Begin at the line below that has "- Extra hardened". Stop after the line that has "Short-sleeve Fjallraven pique", repeating each line exactly and leaving out the pictures.

▶ **Records excerpted from a collection**:
--- --- ---
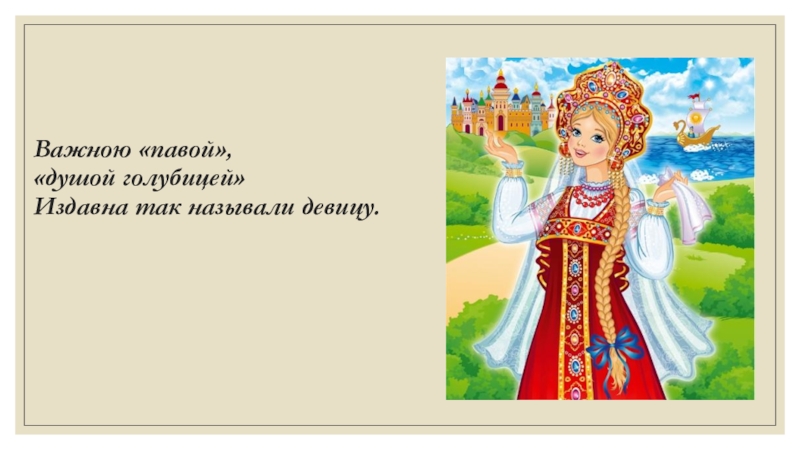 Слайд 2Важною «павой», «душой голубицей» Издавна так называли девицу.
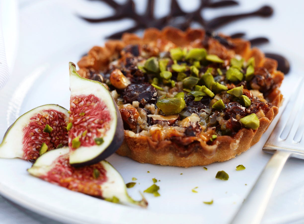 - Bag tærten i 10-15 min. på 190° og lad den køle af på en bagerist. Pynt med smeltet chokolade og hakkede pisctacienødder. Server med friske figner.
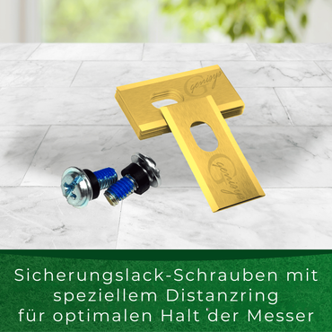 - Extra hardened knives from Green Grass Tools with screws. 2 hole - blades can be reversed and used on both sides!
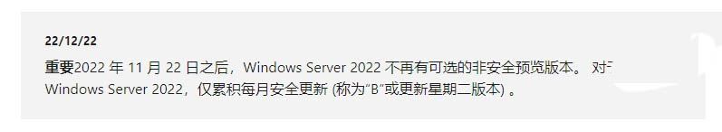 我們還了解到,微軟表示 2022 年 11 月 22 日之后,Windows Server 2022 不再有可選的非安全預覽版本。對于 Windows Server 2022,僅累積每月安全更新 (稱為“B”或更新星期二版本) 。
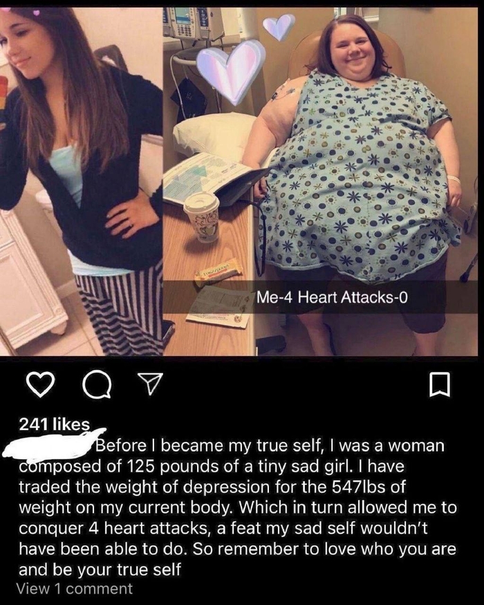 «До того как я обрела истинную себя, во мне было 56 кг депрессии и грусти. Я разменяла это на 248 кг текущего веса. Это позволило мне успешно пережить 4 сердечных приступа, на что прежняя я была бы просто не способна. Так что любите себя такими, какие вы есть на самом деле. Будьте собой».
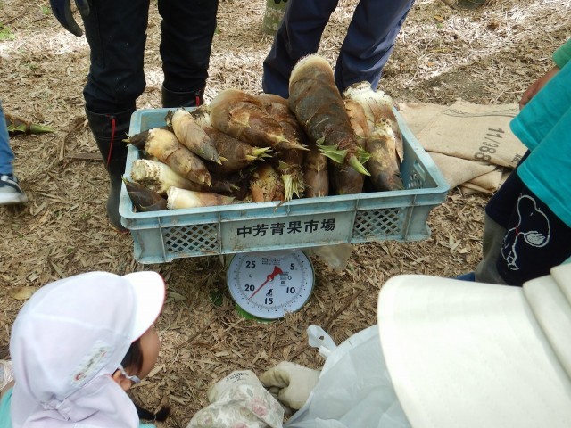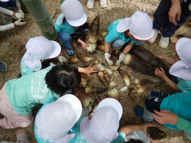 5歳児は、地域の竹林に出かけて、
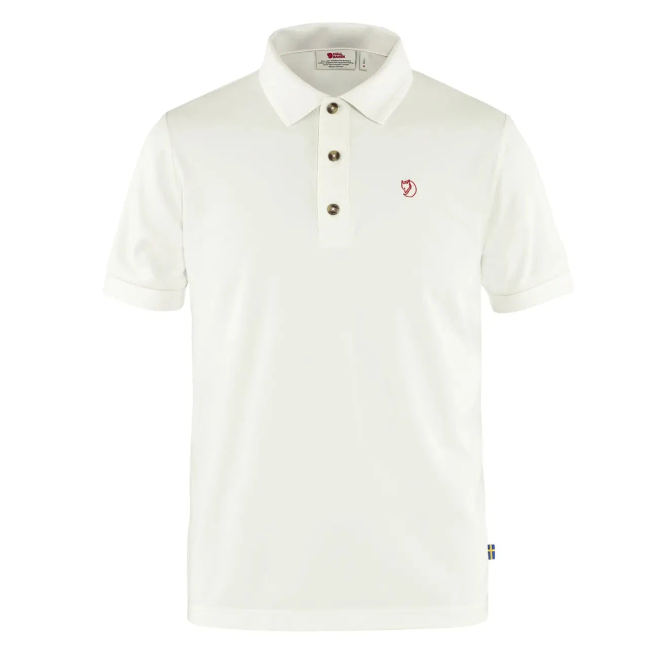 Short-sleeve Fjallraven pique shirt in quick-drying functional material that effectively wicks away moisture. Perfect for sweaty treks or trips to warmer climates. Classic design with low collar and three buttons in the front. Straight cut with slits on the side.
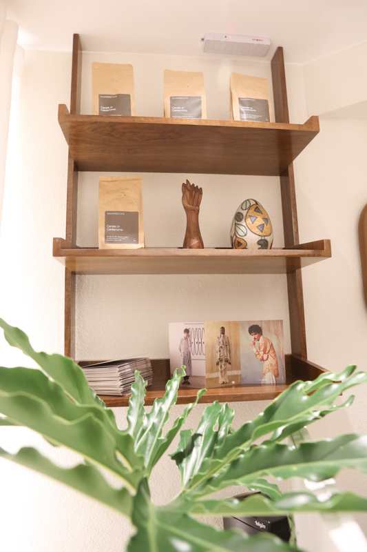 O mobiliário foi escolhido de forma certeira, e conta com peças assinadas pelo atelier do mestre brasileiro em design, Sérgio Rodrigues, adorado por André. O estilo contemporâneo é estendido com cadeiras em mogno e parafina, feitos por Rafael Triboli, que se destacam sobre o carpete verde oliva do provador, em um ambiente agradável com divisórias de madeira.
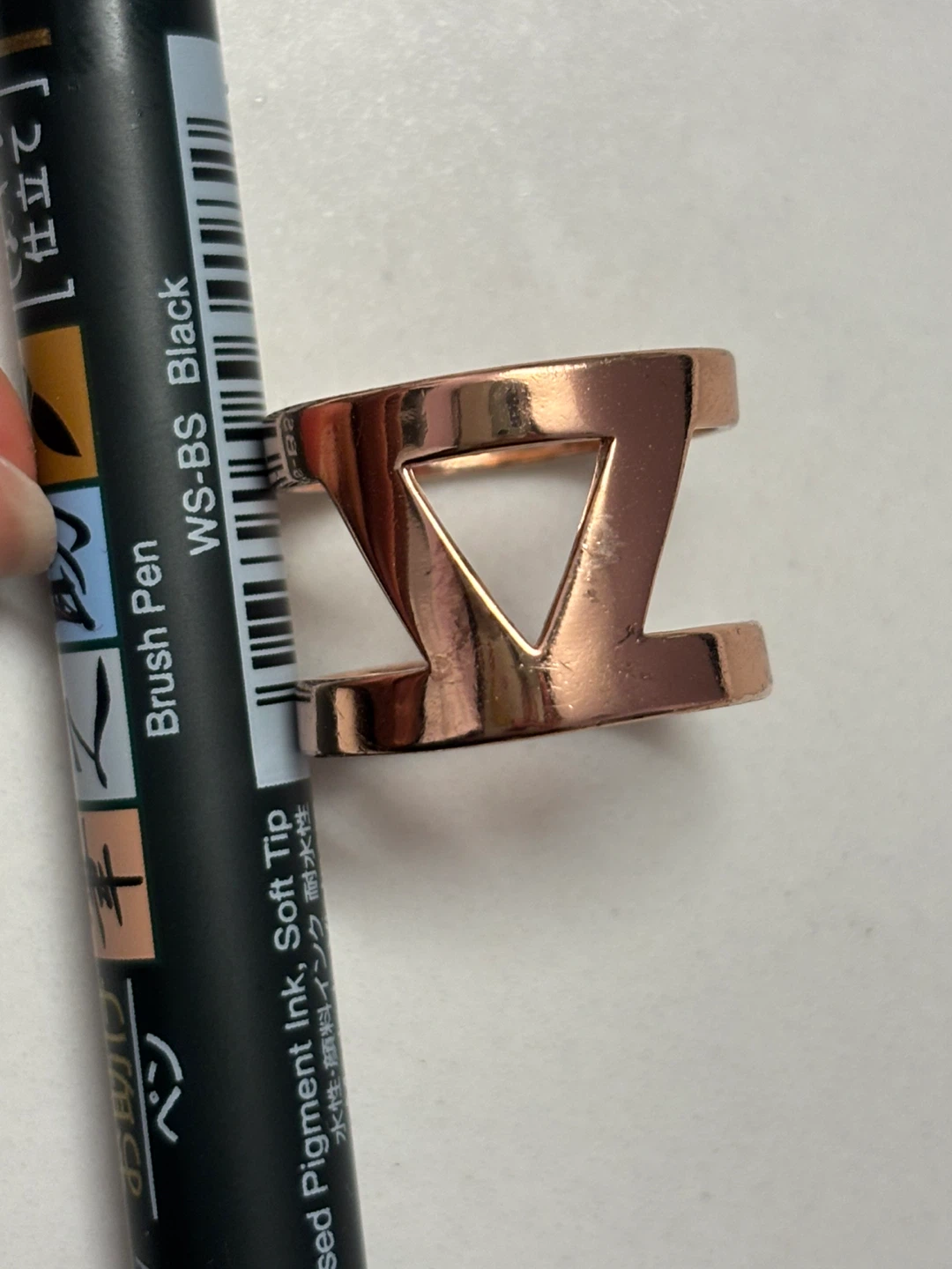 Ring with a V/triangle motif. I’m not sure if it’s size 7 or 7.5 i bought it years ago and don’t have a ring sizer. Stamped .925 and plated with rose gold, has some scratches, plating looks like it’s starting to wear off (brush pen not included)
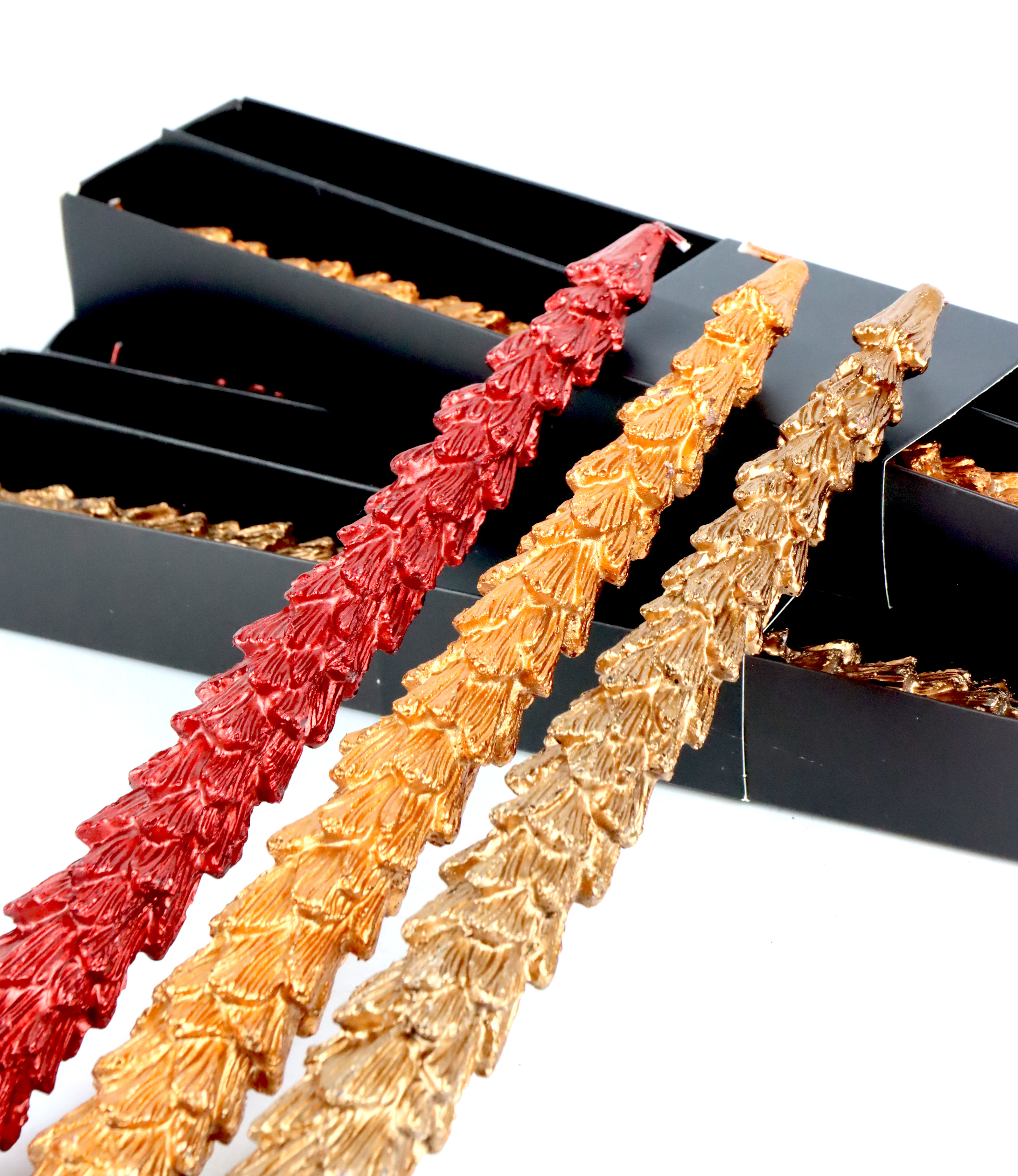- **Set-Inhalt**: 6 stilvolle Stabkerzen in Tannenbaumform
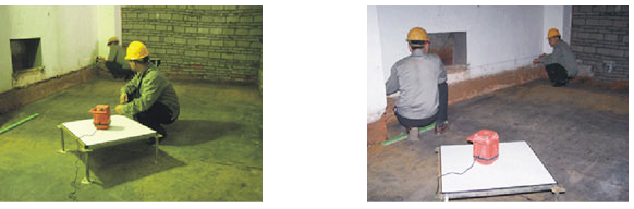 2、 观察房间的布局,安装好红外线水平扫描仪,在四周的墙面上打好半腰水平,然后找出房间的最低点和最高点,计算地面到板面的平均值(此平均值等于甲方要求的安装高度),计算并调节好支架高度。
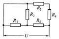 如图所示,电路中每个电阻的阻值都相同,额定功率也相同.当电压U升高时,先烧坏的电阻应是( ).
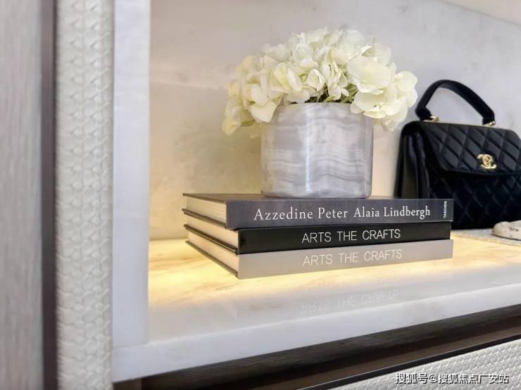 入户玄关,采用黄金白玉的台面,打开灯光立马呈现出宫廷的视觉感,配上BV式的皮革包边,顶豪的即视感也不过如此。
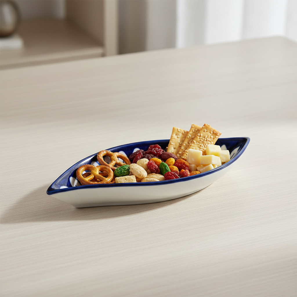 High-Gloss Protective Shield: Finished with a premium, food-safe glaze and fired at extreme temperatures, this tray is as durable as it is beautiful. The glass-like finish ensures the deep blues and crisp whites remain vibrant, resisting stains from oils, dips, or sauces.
--- --- ---
▶ **YOUR RESPONSE**:
 - Extra hardened knives from Green Grass Tools with screws. 2 hole - blades can be reversed and used on both sides!
 我們還了解到,微軟表示 2022 年 11 月 22 日之后,Windows Server 2022 不再有可選的非安全預覽版本。對于 Windows Server 2022,僅累積每月安全更新 (稱為“B”或更新星期二版本) 。
 «До того как я обрела истинную себя, во мне было 56 кг депрессии и грусти. Я разменяла это на 248 кг текущего веса. Это позволило мне успешно пережить 4 сердечных приступа, на что прежняя я была бы просто не способна. Так что любите себя такими, какие вы есть на самом деле. Будьте собой».
 5歳児は、地域の竹林に出かけて、
 Short-sleeve Fjallraven pique shirt in quick-drying functional material that effectively wicks away moisture. Perfect for sweaty treks or trips to warmer climates. Classic design with low collar and three buttons in the front. Straight cut with slits on the side.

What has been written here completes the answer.